OVERLAND PARK, Kan. -- Three years ago Lacey Deardoff lay in a hospital bed in critical condition after being hit by a car on Interstate 435.

She was a good Samaritan who stopped to help another motorist who had been in a car crash when she was hit and left close to death.

Not only did Deardoff survive, she is better than ever. If not for a few faint scars, you would never know she has been through such trauma, and says the most difficult thing now is wondering why she lived when so many others in her situation don't make it.

Three years ago when she was in intensive care at Overland Park Regional Medical Center, FOX 4 was not allowed to video her face that had been so badly damaged when she was hit by a car. But as she gave us a thumbs up, there was a glimpse of her killer smile, which was immediately recognizable when FOX 4’s Shannon O’Brien spoke with her on Monday.

"The last three years has been a whirlwind,” she said.

“I have seen what it is like laying in a hospital bed and your world is just completely turned upside down, so to be here and to be where I am at is huge."

Deardoff was on her way to work May 24, 2014, when she stopped on I-435 to help a woman who had been in a car crash. A van swerved to avoid debris on the roadway and hit Deardoff, critically injuring the then 24-year-old. It would be the start of a long journey to recovery where she would learn to walk, talk and live again.

“When I was in ICU I wasn't too motivated, I was still sad and upset and trying to wrap my mind around everything. But once I got to Madonna, to the rehab facility, I saw a lot of people who were in worse conditions than I was, and that's when I was like, alright, let’s do this,” Deardoff said.

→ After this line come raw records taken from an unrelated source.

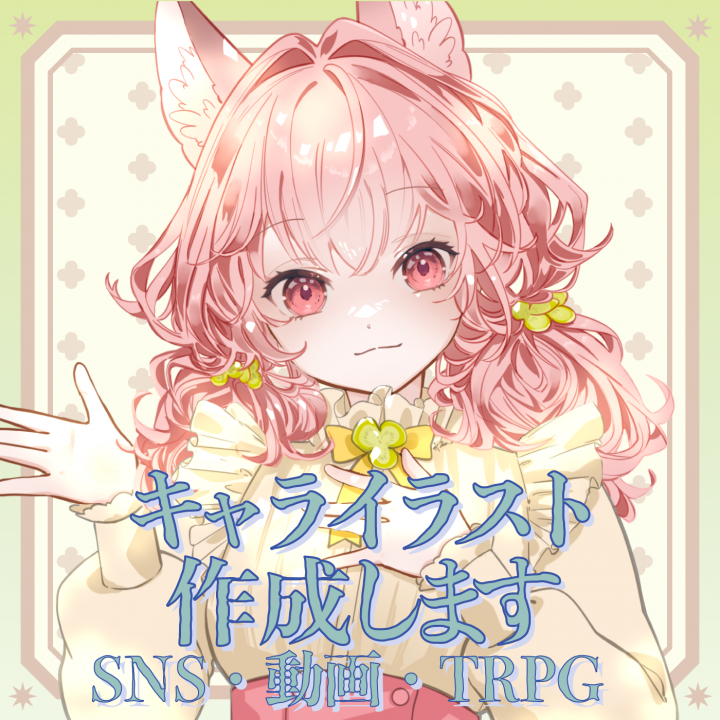 はじめまして。イラストレーターとして活動しています。 キャラクターイラストを中心に、SNSアイコン、立ち絵などを制作しています。 ご依頼内容に応じて、雰囲気やテイストの調整が可能です。 ご希
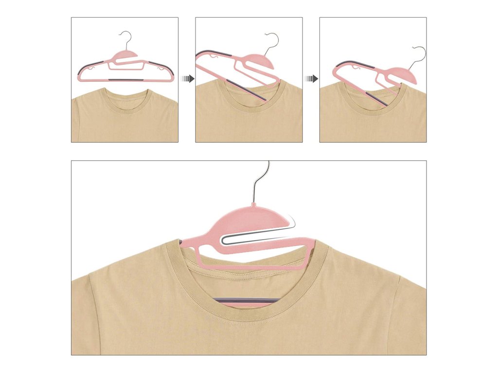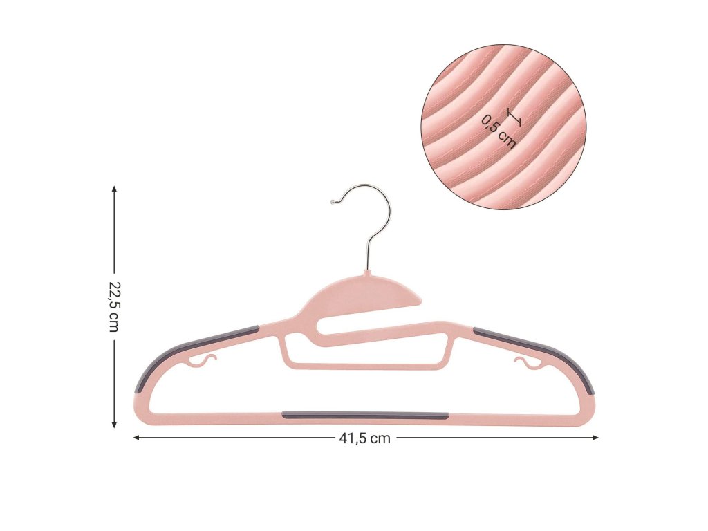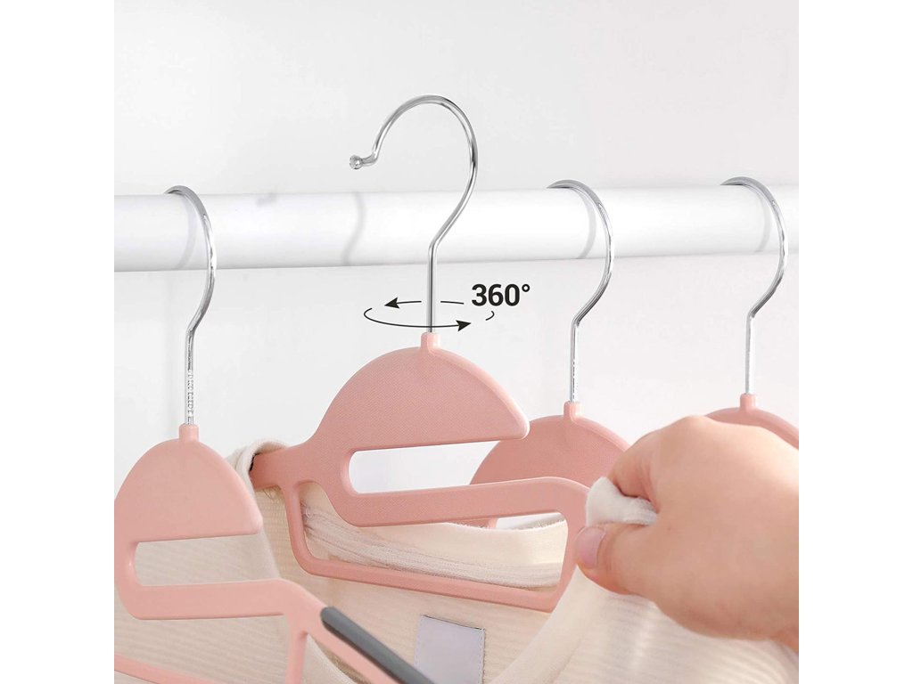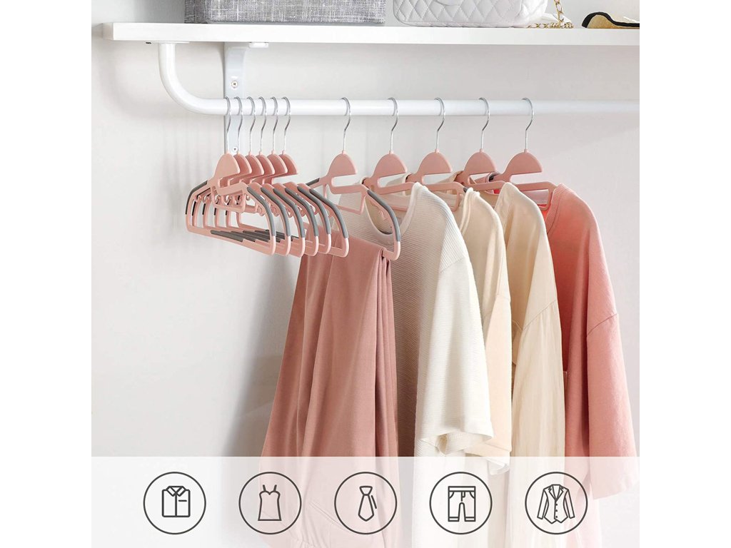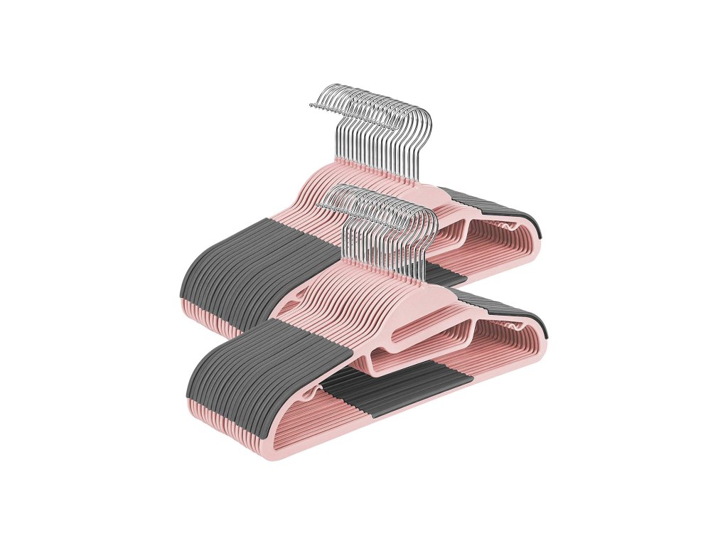 Balení věšáků na kabáty 50ks, kvalitní plastové věšáky na obleky, odolné, s otvorem ve tvaru S, protiskluzové, odolné, tloušťka 0,5 cm, šetří místo, otočný háček o 360°, růžová a tmavě šedá.
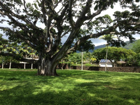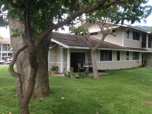 A single story house at the end of a row. Our lanai (deck) looks onto a large shared lawn with a huge banyan tree in the center. Manoa is one of the more desirable neighborhoods on Oahu, with close proximity to all of Honolulu`s attractions. A vigorous walk up hill at the back of the valley yields stunning views of Waikiki and Diamond Head. Shops, cafes, and a farmer`s market are a 5-minute walk. The University of Hawaii campus, with its beautiful gardens and trees, is just down the street. The local park and swimming pool (free) is a ten-minute walk.
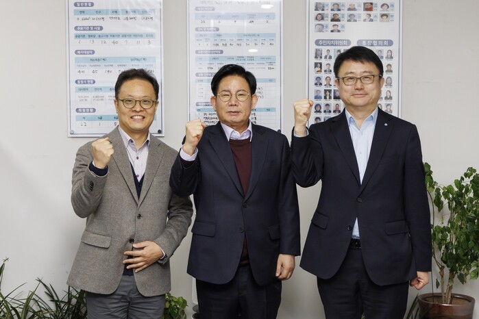 | ▲ 박강수 구청장(가운데)이 도화동 특별신용보증 현장접수처를 둘러본 후 주민센터에서 우리은행 기관그룹 조세형 부행장(오른쪽), 서울신용보증재단 마포지점 최명진 지점장(왼쪽)과 기념촬영을 하고 있다. (사진=마포구청 제공) |
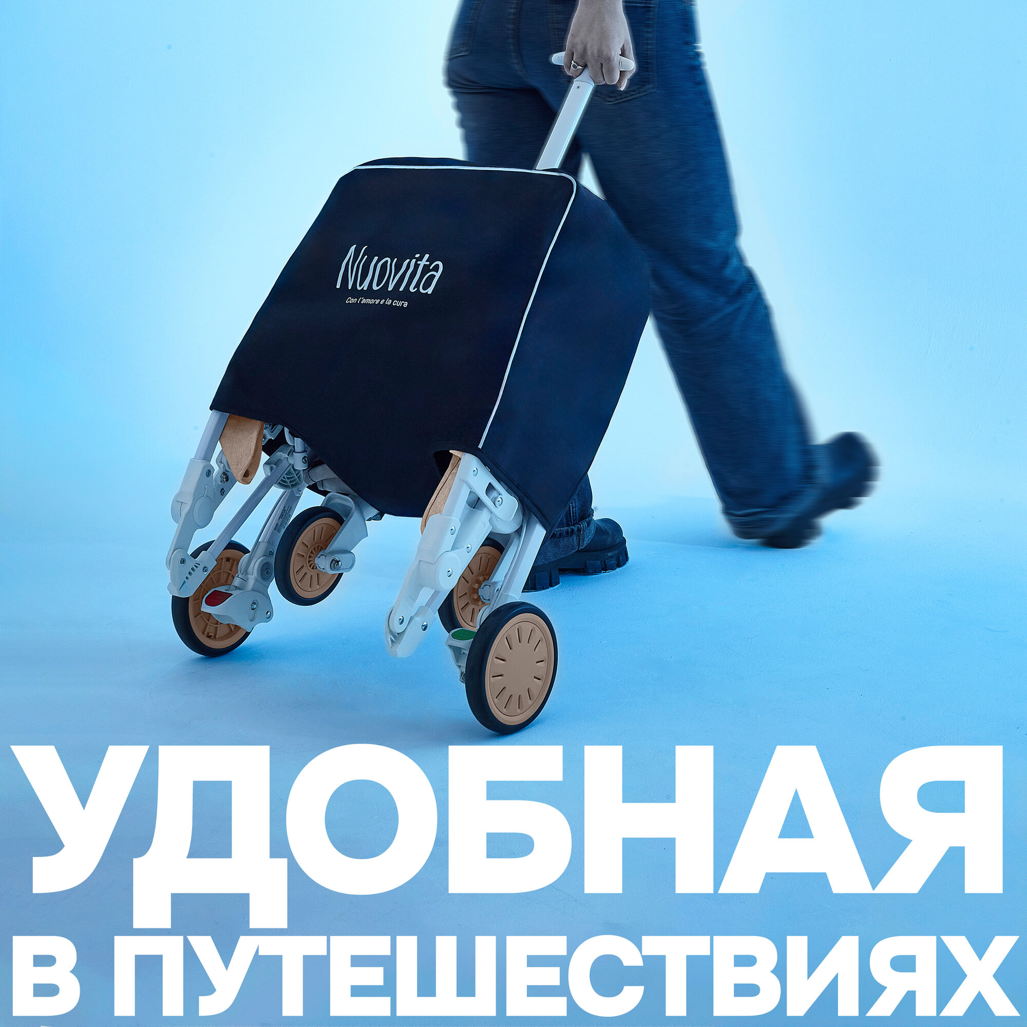 Коляска прогулочная детская Nuovita Giro Lux , складная, сумка-чехол в комплекте ( Джинсовый, Черный)
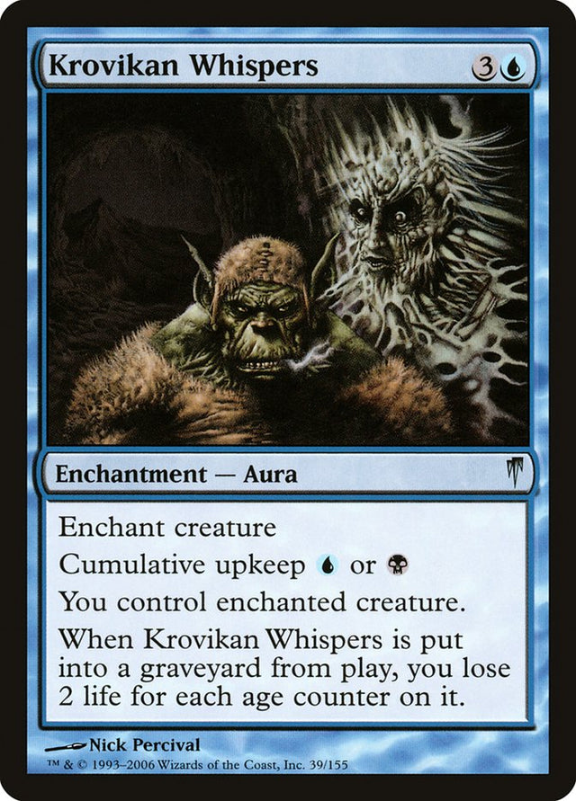 When Krovikan Whispers is put into a graveyard from the battlefield, you lose 2 life for each age counter on it.
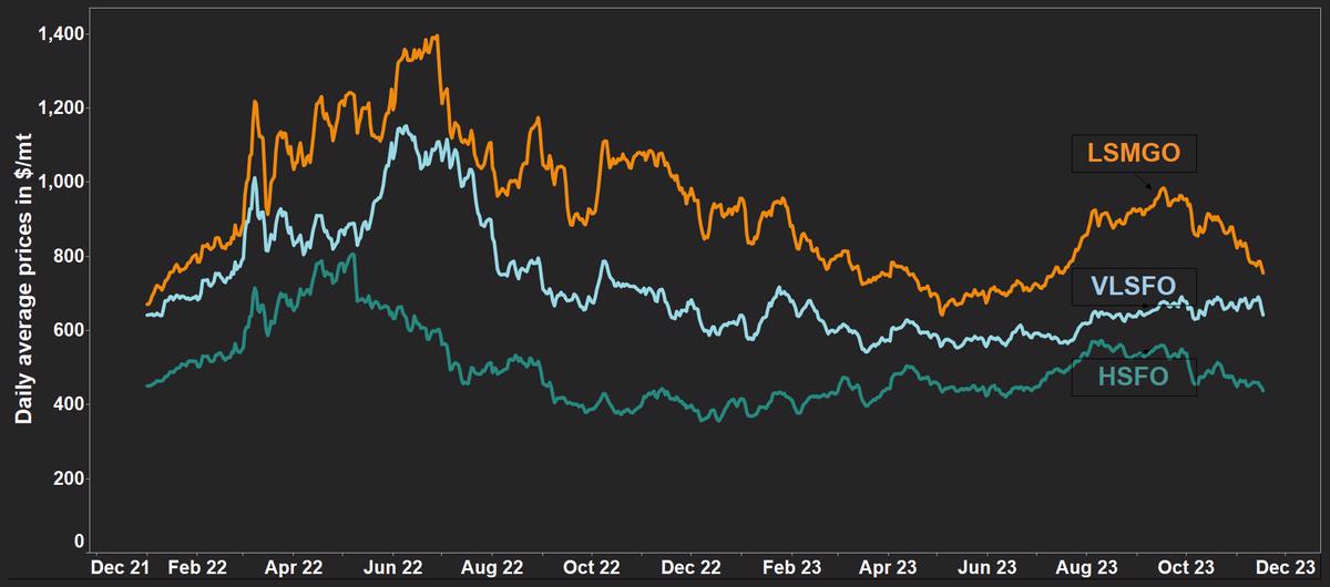 - HSFO up from 20-month low of $355/mt on 8 December
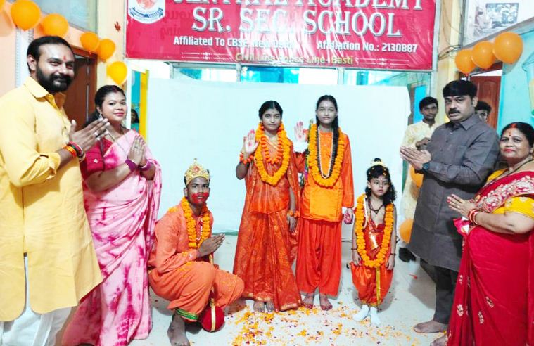 बस्ती । सेन्ट्रल एकेडमी में शारदीय नवरात्रि और विजयादशमी का पर्व गुरूवार को श्रद्धा और उल्लास से मनाया गया। छात्र-छात्राओं ने रामायण के पात्रों की भेष भूषा में रामलीला के प्रसंगों का रोचक मंचन किया।
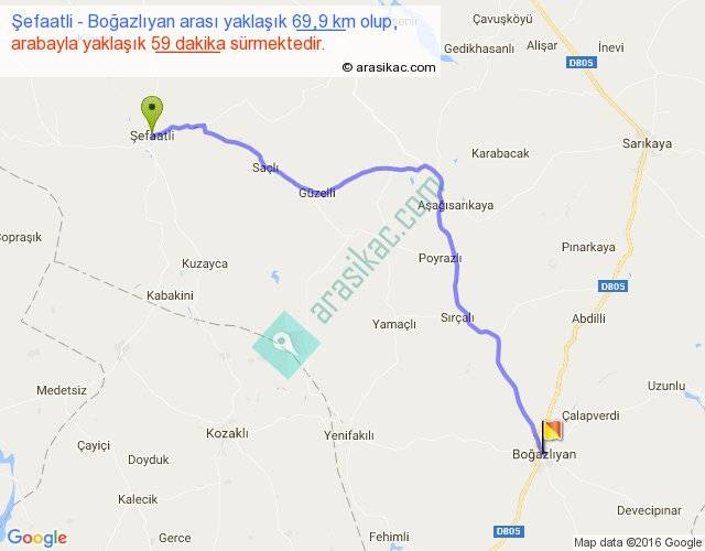 Şefaatli - Boğazlıyan arası yaklaşık olarak 90 km/h ile yukarıda belirtilen sürede olup, iki yerin kuş uçuşu uzaklığı (mesafesi) 54'dir. Yolculuk otobüsle 1 saat 16 dakika sürmektedir.

Since the accident, Deardoff not only learned to walk and talk again, she earned her master’s degree in health care administration and a promotion at Quintiles, where she worked before the accident. They are all things she says would not have happened if not for her new outlook on life.

"I hated that comment in the hospital, and people would say everything happens for a reason, and I hated it because I am thinking I am in the hospital bed, you aren't, so why did this happen? But now I am starting to see some truth in that,” she said.

Deardoff says even with all she has been through she does not regret stopping to help the woman who had been in the wreck. She says she would do it again, because we are supposed to help others.